Guest Column

In Superintendent Evaluations, How Much Sunshine Is Enough?

by V. Wayne Young

Most superintendents have a keen appreciation of the fishbowl aspect of their public positions even before they assume the duties. If not, they develop an awareness of it rapidly and sometimes painfully.

But a recent ruling by the Kentucky attorney general has taken the concept of public scrutiny of local superintendents in our state to an extreme that makes even the most battle-scarred superintendent shudder.

The nearly universal practice of local school boards in Kentucky, when evaluating the superintendent, has been to conduct one or more executive (closed) sessions of the board. In closed session, the board of education typically holds informal discussions about the superintendent’s job performance and formulates his or her final evaluation. Once the evaluation is finished and adopted by the board in an open session, it is, by law, a public document. It often appears on the front page of the local newspaper, particularly in smaller districts.

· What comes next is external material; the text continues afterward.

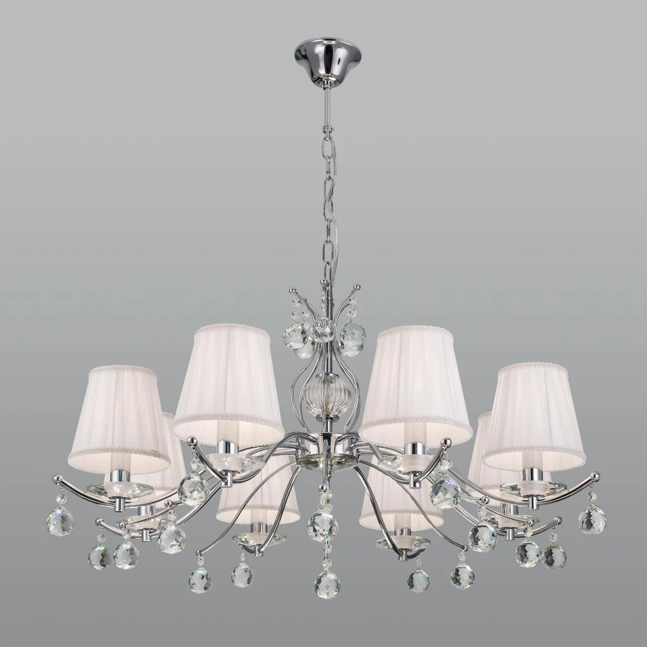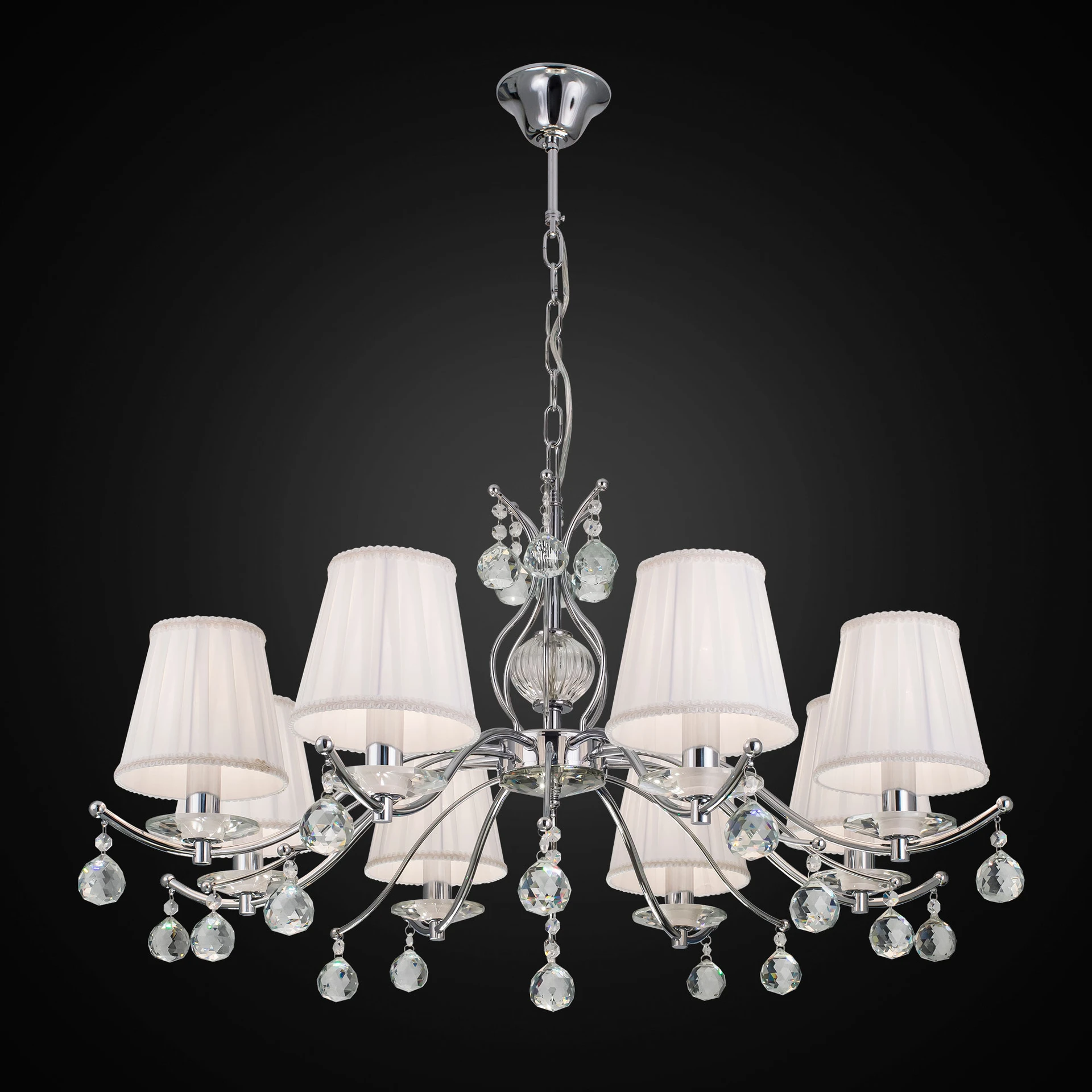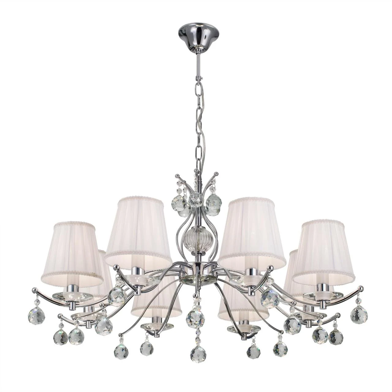 Подвесная люстра Citilux Шелли CL438181 от Citilux, подходит для спальни, в стиле современный. Материал — металл, цвет хром, плафон из текстиль, цвет плафона белый, форма плафона — круглый абажур. Модель имеет 8 ламп, цоколь E14, мощность 40 Вт. Габариты: высота 1200 мм, ширина 850 мм, диаметр 850 мм. Декор — хрустальные подвески.

Last October, Kentucky Attorney General Jack Conway issued an opinion regarding the evaluation of superintendents. In that opinion, which has the force of law, the attorney general ruled the entire process of evaluating the superintendent must be conducted in an open session of the board of education. Other public entities with boards and appointed chief executives (such as public universities) would be bound by the opinion as well.

Reasonable Privacy
Superintendents and school boards immediately began expressing concern with the ruling, calling it both unreasonable and impractical. The local school board in Spencer County that was the object of the opinion has filed litigation challenging it, and that board is being supported by both the state school boards association and the administrators association.

At issue in the opinion and the litigation is a portion of Kentucky’s Open Meetings Law that allows school boards and other public bodies to enter into a closed session for the purpose of conducting discussions that “might lead to the appointment, discipline or dismissal of an individual employee.” For many years, boards, superintendents and attorneys specializing in school law have consistently operated under the belief the preliminary elements of the superintendent’s evaluation — those discussions and drafts that precede the issuance of the final, public document — could legitimately be conducted in a closed session of the board.

The reasons for conducting these preliminary proceedings in private are both rational and numerous. These discussions often could reference the superintendent’s handling of matters involving other staff members or even students, all of whom have a right to confidentiality. Board members may want to discuss rumors circulating in the community that are unsubstantiated, but need to be addressed.

And, as many superintendents know too well, anytime the board discusses the superintendent’s performance, it “might lead to … discipline or dismissal.” An individual board member may have developed a desire to remove the superintendent. Upon sharing that desire with other board members, the resulting discussions have the potential to intensify or mitigate that desire, to enlist allies or opposition. To require the board to discern an individual member’s desires before entering a closed session injects a mind-reading element into the statute that the legislature clearly did not intend.

Not only do these preliminary discussions logically fit under the exception allowing closed sessions, there are other practical considerations that support this interpretation as well. Superintendents are constantly subject to public scrutiny in their job performance. Board members routinely hold the superintendent accountable at regular public board meetings. At those same meetings, members of the community have the opportunity to express their opinions of the superintendent’s performance. Requiring informal, preliminary discussions regarding the formal evaluation to be held in public does nothing to enlighten the community about the job performance of the superintendent.

In fact, a strong argument can be made that holding these discussions in public will actually detract from a thorough and effective evaluation. Board members may be less likely to discuss delicate, confidential or controversial issues in a public setting, pulling their punches so to speak.

In school districts experiencing some unrelated but volatile situation, such public meetings could take on a circus-like atmosphere. While it would make for a wonderful sensationalized front- page news story, none of this would contribute to the true purpose of the superintendent’s evaluation or to the community’s ability to assess his or her performance.

Harmful Outcome
The simple fact is that the job perform-ance of a school superintendent is always a public matter. Citizens can assess it on a regular basis, in a variety of forums — board meetings, letters to the editor, e-mails to board members, etc. They can commend or criticize the final, public evaluation by the board. And, of course, they always have the ultimate opportunity to conduct their own evaluation of board members and the superintendent at the ballot box.

There is simply nothing to be gained by this impractical and inevitably harmful interpretation of statutory language that strips boards and superintendents of their ability to candidly discuss the superintendent’s performance in private, before sharing their final assessments with the public.